* _WORK REQUEST_: Wherever pictures appear in the listing below, leave them out, and copy exactly, and only, everything from the line with "To find this" down to the line with "Marc New York".

* _RECORDS FOR THIS TASK_:
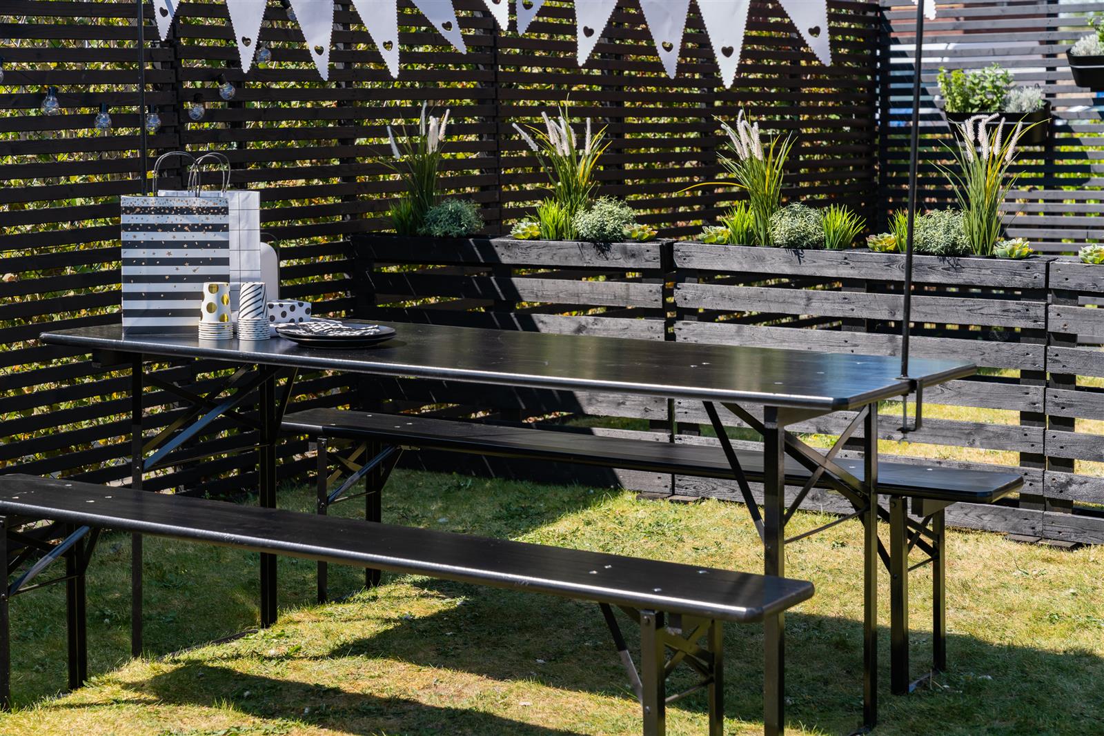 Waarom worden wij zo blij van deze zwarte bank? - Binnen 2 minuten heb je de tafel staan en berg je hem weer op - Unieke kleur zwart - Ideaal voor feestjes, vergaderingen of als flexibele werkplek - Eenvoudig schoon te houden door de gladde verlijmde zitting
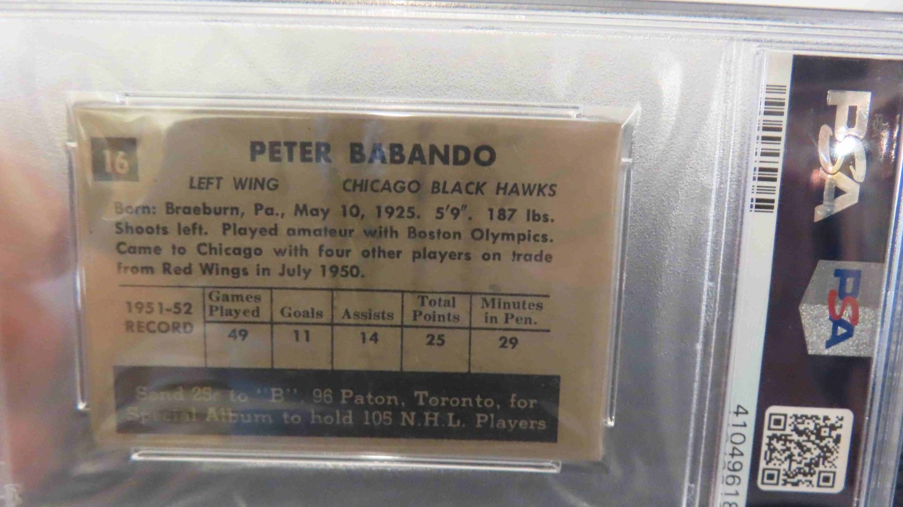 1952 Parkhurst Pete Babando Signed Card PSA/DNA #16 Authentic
* * *
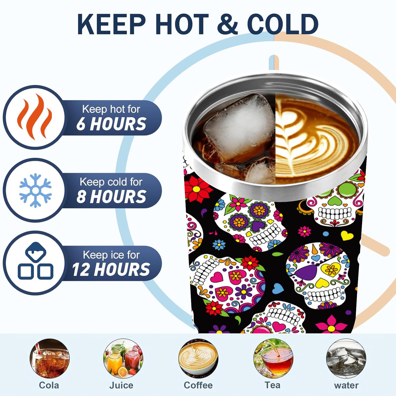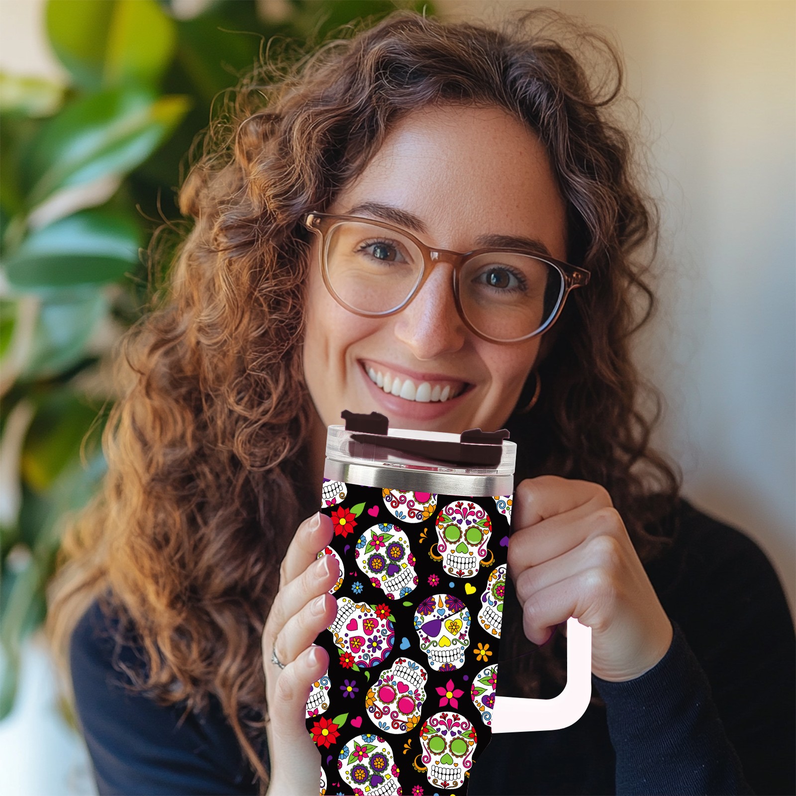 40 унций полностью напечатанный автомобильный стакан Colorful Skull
* * *
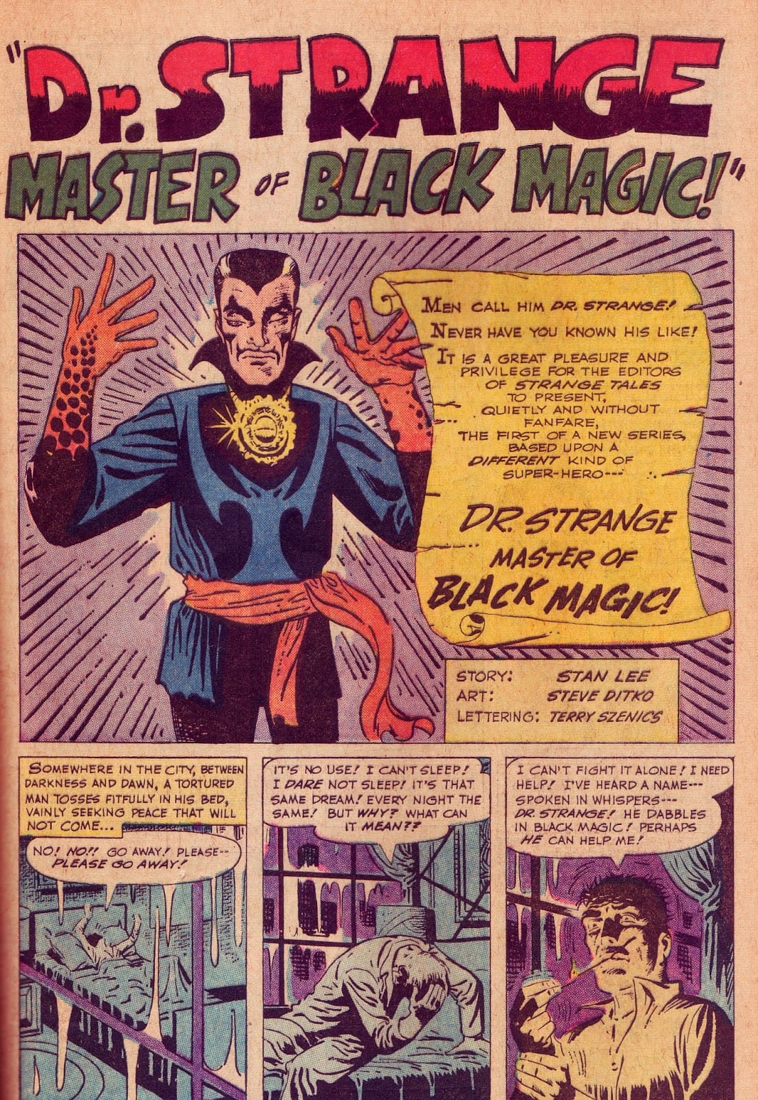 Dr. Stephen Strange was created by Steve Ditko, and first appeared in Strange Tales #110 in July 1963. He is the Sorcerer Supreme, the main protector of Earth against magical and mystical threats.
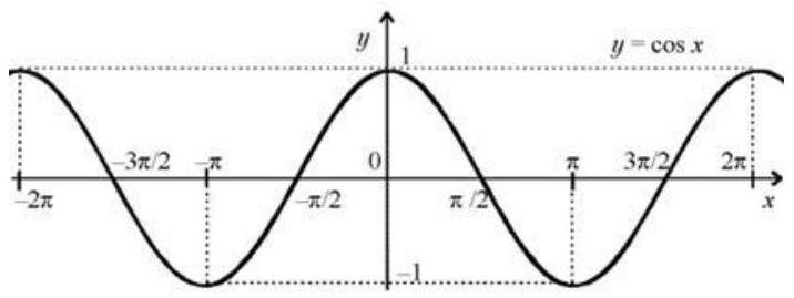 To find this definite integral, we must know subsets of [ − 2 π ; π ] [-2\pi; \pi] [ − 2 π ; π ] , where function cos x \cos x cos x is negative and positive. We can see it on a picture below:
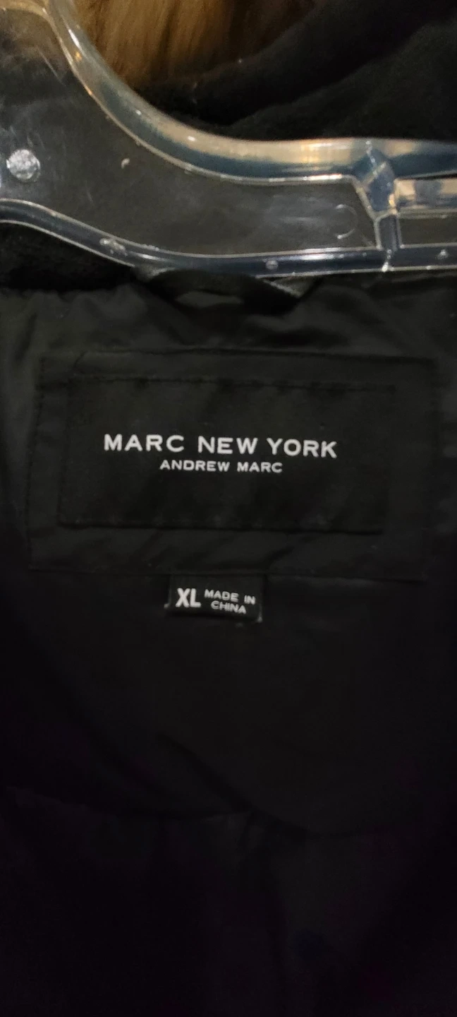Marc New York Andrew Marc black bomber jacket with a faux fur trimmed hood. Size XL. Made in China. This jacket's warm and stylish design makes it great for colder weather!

* _RESPONSE TO THIS EXERCISE_:
 To find this definite integral, we must know subsets of [ − 2 π ; π ] [-2\pi; \pi] [ − 2 π ; π ] , where function cos x \cos x cos x is negative and positive. We can see it on a picture below:
Marc New York Andrew Marc black bomber jacket with a faux fur trimmed hood. Size XL. Made in China. This jacket's warm and stylish design makes it great for colder weather!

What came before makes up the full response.